On the contrary, huge ink is spilled over the constant demonization and dehumanization of Hindus and their presentation as aggressors and persecutors. Meanwhile, India’s so-called minorities (Muslims, Christians, and all) are today being portrayed in academia and in the media as victims of majoritarian aggression (for example, the statement by the American Academy of Religion and the 10,000 signatures accompanying the blatantly bogus petition). Anyone who reads current analyses, both in the media and in academia, will come to the erroneous conclusion that Hindus are the aggressors and Hindutva as one of the greatest threats to India and the world today. This is the intent behind the falsehoods that are embedded in the campaign of the AAR and associated academics and public intellectuals. In the case of Hindus, how is it so easy to achieve a reversal of the relationship between the oppressor and the oppressed? How is it that the oppressed could so easily turn into oppressors? How is it that any attempt by Hindus to defend their culture and way of life against sustained and systematic aggression is problematic and turned into a real problem that needs intervention? Why are Hindu voices so completely absent in the fight against this in academia and the media, both in India and globally?
Marxist framework
The Marxist analytical framework identified the capitalist class (the oppressor) and the working class (the oppressed) as a fundamental dialectical opposition, arguing that both have a class consciousness that is inherently hostile to each other. This analytical template is valid in the area of economic inequality in the form of an intractable conflict of interests between the proletariat and the bourgeoisie resulting from the internal tensions and contradictions of capitalism.

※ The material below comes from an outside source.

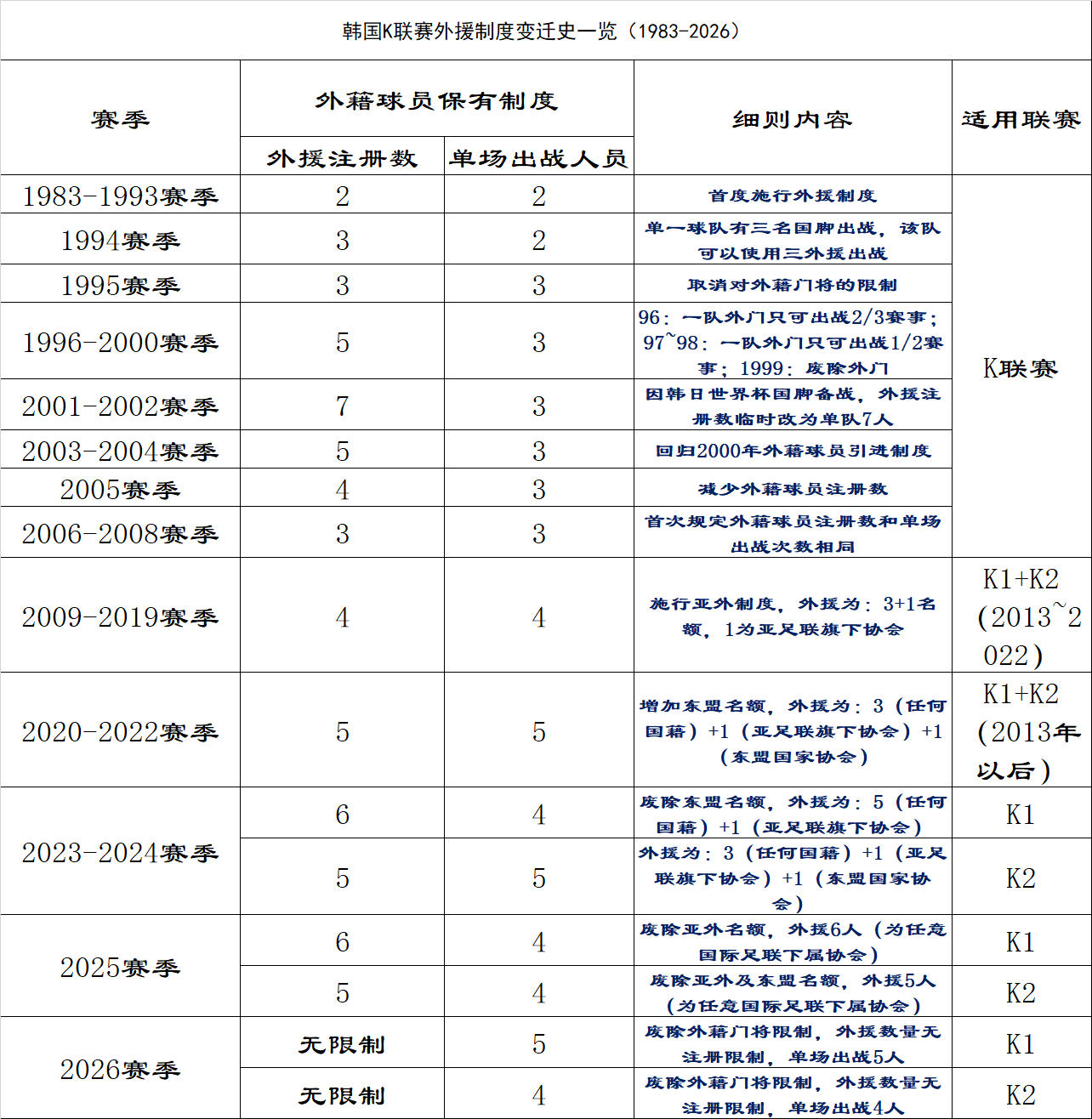 เมื่อพูดถึงประวัติของผู้รักษาประตูชาวต่างชาติในลีกเกาหลี K League เราต้องเข้าใจก่อนถึงวิวัฒนาการของกฎระเบียบเกี่ยวกับผู้เล่นชาวต่างชาติของลีกตั้งแต่ปี 1983 ตามที่แสดงไว้ด้านล่าง:

This tends to create vast piles of wealth for the very few and vast poverty for the vast majority. However, his prediction of a violent socialist revolution as the logical and inevitable evolutionary outcome of capitalism turned out to be grossly unrealistic, despite the number of Marxist experiments under Stalin, Mao and Pol Pot running into the hundreds of millions.
However, the evolution of classical Marxism into neo-Marxism (Antonio Gramsci (1891–1937)) and further into cultural Marxism (Frankfurt School of Social Research) allowed the discourse of the oppressor dichotomy to be moved into the social and cultural spheres. Women’s studies and African-American studies are two examples that seek to correct historical wrongs committed against a certain group of people.